Padding Inventory to Assuage Attrition

question

#1

Hi folks. I know that Hank mentioned the cheese of loading your inventory with ham sandwiches to pad against attrition, but what is to stop someone from loading up on legitimate gear to do the same? For example, players can justify the use of all kinds of equipment, from 10-foot poles and caltrops, to pick axes and lanterns. Is there a mechanism that I can employ that balances out this proclivity? For example, in order for a piece of equipment to be eligible for attrition, does it have to have some sort of monetary or mechanical (in-game) value? I haven’t read the entire rules yet; I’m still exploring whether or not to dive into the system. Thanks for any insight.


#2

Though not C&S related, an interesting and simple way to track Inventory could be by slots/size. Depending on the objects’ size:

Inventory space = 10 minimum + CON/STR (etc)
Little = Stacks up to 10/20. 1 slot.
Small = 1 slot
Medium = 2 slots.
Big = 3 slots.

So, if you have an spear, it occupies 3 slots. And so on, so on…


#3

If it’s legitimate gear, it’s legitimate gear. Everything costs points, and if you want to load up on gear to pad out your attrition slots, you’re gonna have less to spend on skills and customized gear.

With that said, there’s also nothing stopping you from laying your own ground rules (for example, only 4 starting items, skills can’t start higher than 12, only 1 customization per item…). You’re the Game Master.

50 Hero Points goes fast though, I don’t think you’re gonna have a real problem. If you do, set some house rules or just talk to your players.


#4

If the player gets a lot of cheap and small items, they go into a small Sack that counts as 1 inventory space. That will stop the Ham Sandwich situation.

If an item is too big with no way of being condensed, it can be considered to take more than 1 slot.

What you’ll also notice is eventually, they will have small and cheap equipment that may not actually be useful to them in that situation. As the game progresses, they will have to leave some stuff behind and use specific loadouts.

If the player decides to cheese the system, they aren’t really effective with cheap tools. They just last longer. It’s not fun for the player.


#5

I think a good house rule would be “If it’s good enough quality and adds a believable, legitimate, logical use, then it’s allowed”. Otherwise, you have players picking up a rusty half broken axe and claiming it’s usable equipment.

GM: You find a broken staff.
Player: Great, i’ll just add that to my equip…
GM: Hold on… it’s garbage. You can strap the garbage to your backpack if ya wanna hall around garbage, but it’s not usable equipment to be listed.


#6

Thanks for all of the help. I’m digging the system the more I read. It’s certainly different. I’m typically someone who doesn’t quite go for loose rules, so it’s taking me a bit.
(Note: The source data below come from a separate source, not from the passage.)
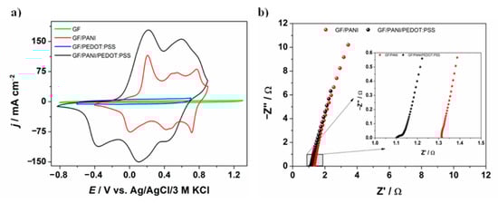 The electrochemical performance of GF/PANI and GF/PANI/PEDOT:PSS electrode materials in a three-electrode system was investigated, using obtained materials as the working electrode. The comparison of the CV curves of a GF/PANI and a GF/PANI/PEDOT:PSS composite is presented in Figure 5a. The CV curves for GF and GF/PEDOT:PSS are also presented for comparison. Both electrodes (GF/PANI and a GF/PANI/PEDOT:PSS) exhibited characteristic peaks of redox couples of polyaniline []. The current density of a GF/PANI/PEDOT:PSS electrode is larger than that of the GF/PANI electrode. Comparing the current densities of polyaniline and PEDOT:PSS separately, it can be concluded that it is not simply the sum of the current utilized for oxidation/reduction of both polymers. The synergy between materials should positively affect the amount of the accumulated charge. It is worth mentioning that PEDOT:PSS plays an important role in increasing electroactivity of the material, as well as it may contribute to expanding the specific surface area of the electrode. Moreover, the presence of PEDOT:PSS affects the widening of the electroactivity potential range as PEDOT:PSS is electroactive in a more cathodic potential range and its pseudocapacitive activity takes place in the negative potential region up to −0.9 V. On the other hand, PANI pseudocapacitive activity mostly covers the positive potential region. Moreover, the PEDOT:PSS film is known to behave as a material permeable for cations in the potential range of the PEDOT doped state [,]. Electrochemical quartz microbalance studies proved the selectivity of ionic transport as limited to hydrated cations []. Thus, the PEDOT:PSS cover on top of polyaniline can act as an ion-selective membrane permeable for protons.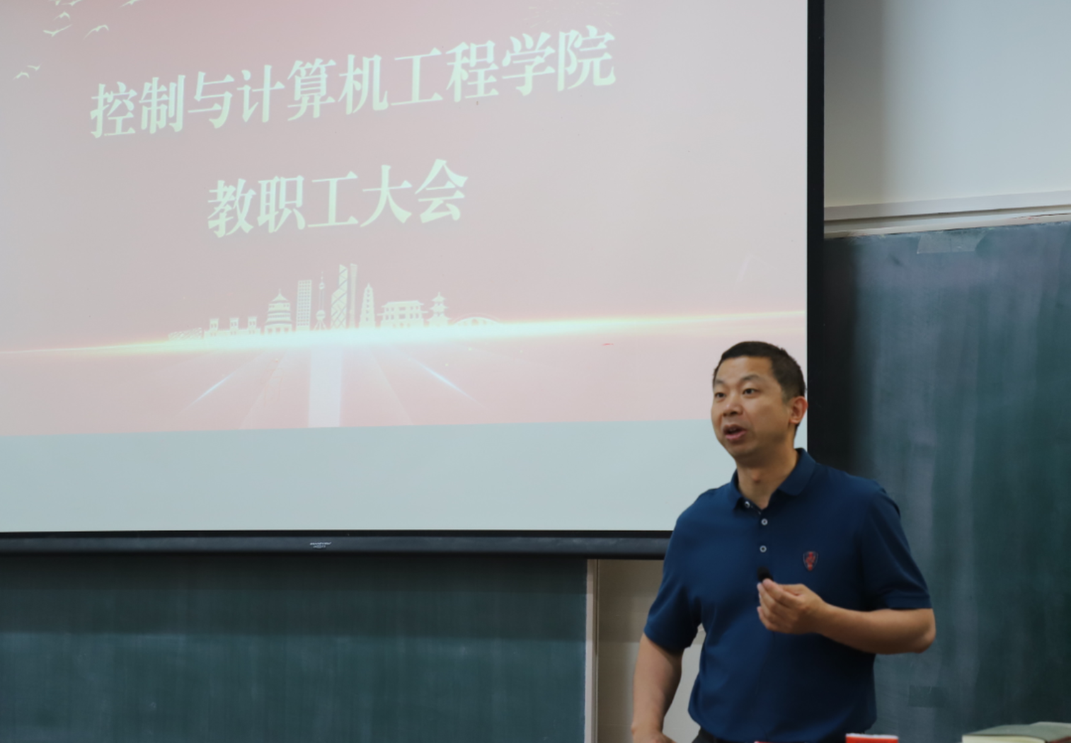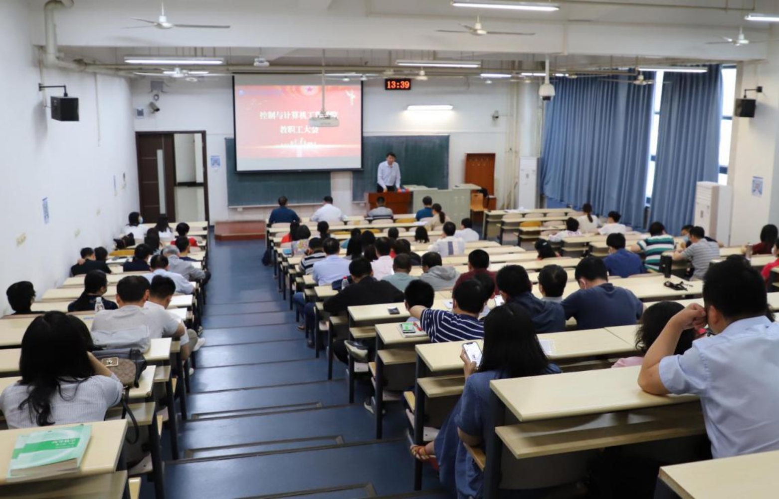 于主楼E102召开教职工大会,学院全体教职员工参加会议。会议由学院党委副书记、工会主席耿晔主持。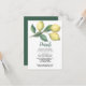 Designad för att matcha våra The Lemon Branc bröllopsinbjudningar och tillbehör, har detta rustika brölloppskort för gästinformation en vintageinspirerad handritad illustration av ett citronträd i grönt och gult.

I’m also really surprised by how much I like the world-building present in the book.


#7

Have you an example of the kind of cheesing you are seeing?
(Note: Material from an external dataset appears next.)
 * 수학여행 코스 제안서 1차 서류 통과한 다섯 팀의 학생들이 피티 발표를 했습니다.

The game says to be stingy with loot. Proper equipment is proper, and when you start destroying equipment, they’ll be able to find and replace with quality equipment.

I’m very old school minded so if they have the right tool for the job, they usually get what they want. And they only have the 10 slots. Nothing carried “unequipped”. If they can’t take it with them, it better be stored somewhere safe for them to come back to OR it’s lost.


#8

And perhaps if the quantity of objects ever fill half the slots then a disadvantage is given to the PC?


#9

I would simply slowly introduce more opponents that deal Destroy damage. That will once in while take out the padding equipment and if they are unlucky some of their high value items. And as mentioned before even cheap stuff costs HP that could have been used on skills or weapon upgrades.


#10

I would say once you fill all of your inventory slots and want to take in other things then you have disadvantage, like in Skyrim


#11

Strict limits. 10 pieces of equipment max. Random junk and small assortment of items go in a sack.

Having a thief with two daggers, bow, armor, cloak, boots, rope, lockpicks is legit and not padding.

Someone carrying 7 daggers has two equipped and 5 in 1 sack


#12

I like this idea. I’ve been reading a lot of similar posts like this and forget that it’s ruling over rules. Gotta make sure I focus on the narrative and not bind myself to what is and isn’t stated in the rules.


#13

Can you elaborate on this? Does that mean if a PC finds a Dagger from an enemy or on the ground and choose to carry it, it will cost the PC 1 Hero Point? If they don’t have that spare HP, they cannot carry the item?


#14

He was referring to enemies destroying player equipment with Destroy Attrition.

If the PC was looking to get something useful in general, they would have to spend and pay Hero Points in narratively appropriate places. In most cases, the enemy equipment is destroyed or useless to the players unless the GM is willing to reward them something they deem is worthwhile.